Avec le printemps vient le moment pour les jeunes chrétiens de faire leur communion. Mais avant ce jour crucial, une longue préparation et un apprentissage de la foi sont nécessaires.

La toute première condition pour avoir le droit de communier est bien entendu d’avoir été baptisé. En effet, pour un communiant, cette cérémonie représente le renouvellement de sa foi après le baptême. Mais l’importance est toute autre, car le jeune adulte s'engage cette fois consciemment dans la foi religieuse. Pour cela, il doit normalement subir une préparation catéchétique de deux ans au minimum. Cette période de catéchisme a pour but de lui apprendre l’histoire de la religion, pour lui permettre de savoir sur quelle voie il s’engage. Cet apprentissage est également spirituel, car on lui enseigne les valeurs essentielles à respecter. Quelques semaines avant la communion, aussi appelée profession de foi, les enfants suivent une sorte de « stage de préparation » pour mieux appréhender ce moment important.
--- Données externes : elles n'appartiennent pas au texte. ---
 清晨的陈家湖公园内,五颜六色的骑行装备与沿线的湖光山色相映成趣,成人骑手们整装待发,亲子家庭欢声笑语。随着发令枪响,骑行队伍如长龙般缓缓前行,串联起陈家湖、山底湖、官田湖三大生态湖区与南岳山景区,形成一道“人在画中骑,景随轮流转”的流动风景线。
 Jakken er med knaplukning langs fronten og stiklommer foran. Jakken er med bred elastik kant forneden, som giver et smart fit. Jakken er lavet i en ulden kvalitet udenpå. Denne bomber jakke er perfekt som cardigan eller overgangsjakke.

La cérémonie est non seulement répétée, mais on leur inculque également comment se comporter lorsqu’ils reçoivent l’hostie, symbolisant le corps du Christ, pour la première fois. Durant cette préparation, les enfants doivent vivre l'expérience du Sacrement de Réconciliation et de Pénitence. Pour l’église, la communion ne peut avoir lieu sans ce sacrement. Son but est à la fois pédagogique et évangélique. C’est à l’enfant d’effectuer la démarche en trouvant le prêtre. Ce dernier l’incite à la prière, à placer sa vie sous le regard de l'Évangile, et surtout à discerner le bien et le mal. Toute cette période implique que l’enfant soit présent à l’église, condition indispensable pour recevoir la communion.
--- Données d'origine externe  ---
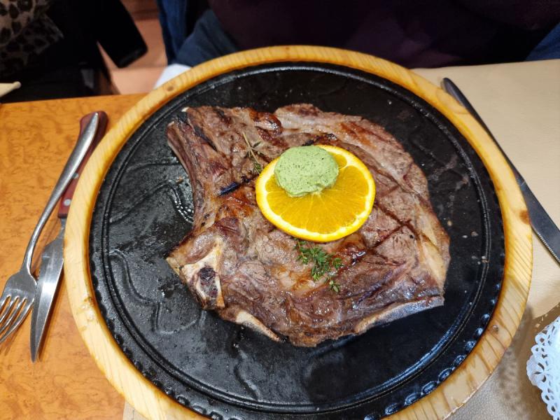 La côte de boeuf à l'os grillé est magnifique et fait le bonheur de notre ami.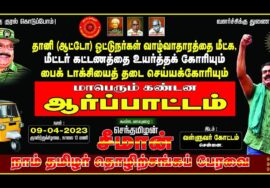 Contact Us To Add Your Business தானி (ஆட்டோ) ஓட்டுநர்களின் வாழ்வாதாரத்தை மீட்க நடவடிக்கைகள் எடுக்கக்கோரியும், மீட்டர் கட்டணத்தை உயர்த்தக் கோரியும், பைக் டாக்சியைத் தடை செய்யக்கோரியும் தமிழ்நாடு அரசை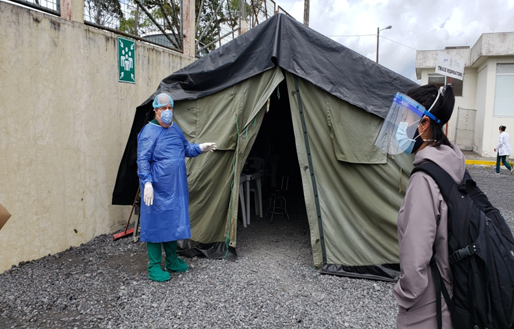 En el Hospital de Macas se instalaron carpas para atender a los pacientes con COVID-19.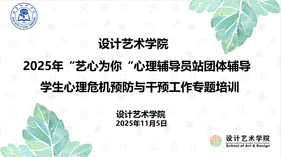 为深入贯彻落实《北京印刷学院学生心理危机预防与干预工作预案》,进一步加强学生心理健康教育工作,提升班主任及辅导员队伍的专业能力,设计艺术学院“艺心为你”心理辅导站于11月5日上午9:00在S1A-312会议室举办了学校文件解读与学习培训。本次培训由设计艺术学院党委副书记宋守超主持,辅导站负责人董琪琪主讲,全体辅导员、班主任通过线上线下相结合的方式全员参与。

La cérémonie, telle que nous la connaissons actuellement, n’existe pas depuis les débuts du christianisme. En effet, jusqu’au XIIe siècle, le baptême était immédiatement suivi par la communion. Les prêtres avaient pour coutume d’humecter les lèvres du nouveau baptisé avec du vin consacré. Cette façon de procéder a été conservée, notamment dans l’église d’Orient, où elle est toujours pratiquée. C’est au XIIIe siècle que la tradition change. Sous l’autorité du pape Innocent III, le Concile de Latran IV trouve plus judicieux de permettre aux enfants de mieux appréhender la chrétienté. Il est alors décidé que la communion aurait lieu vers 12 ans pour les filles, et vers 14 ans pour les garçons. Mais aucune cérémonie officielle n’est organisée. Il convient aux parents d’organiser ce rite en privé. C’est au XVIe siècle que la communion devient une étape importante dans la vie des chrétiens. Au cours du siècle suivant, elle se transforme en rituel public. Les enfants sont alors réunis et la communion est célébrée en commun au cours d’une cérémonie solennelle. Mais avec le temps, ce rite devient un événement autant familial que religieux. Petit à petit, la communion prend un autre sens, véritable passage à l’âge adulte. À partir du XIXe siècle, après sa communion, l’enfant recevait plus d’attention de la part de la société. Par exemple, il avait le droit de s’asseoir à table avec les grands et de se servir tout seul. De même, les garçons étaient autorisés à porter le pantalon long, et les filles avaient le droit de porter le chignon. Vers la fin du siècle, les communiants étaient vêtus de blanc, une façon de marquer leur pureté.
Mais toutes ces valeurs ont maintenant disparu, les enfants s’asseyant à table ou ayant le droit de porter des pantalons dès leur plus jeune âge. Certaines paroisses demandent à leurs communiants de porter la « robe Jésus » lors de la cérémonie, mais cette tendance est en train de disparaître. La cérémonie se déroule en groupe, avec tous les communiants ayant suivi les réunions de préparation. C'est donc tout naturellement ensemble qu'ils partagent ce moment fort. Le rite est une reconstitution de la Céne, le dernier repas du Christ, pendant lequel il donna le pain rompu à ses disciples en symbole de son corps. Le communiant reçoit à son tour le corps du Christ sous la forme de l'hostie. Moment fort et symbolique, c'est le plus attendu par l’enfant et les parents, l’apothéose de la cérémonie.
Il ne reste plus ensuite à la famille qu’à aller fêter dignement l’évènement autour d’un bon repas où l’enfant recevra des cadeaux.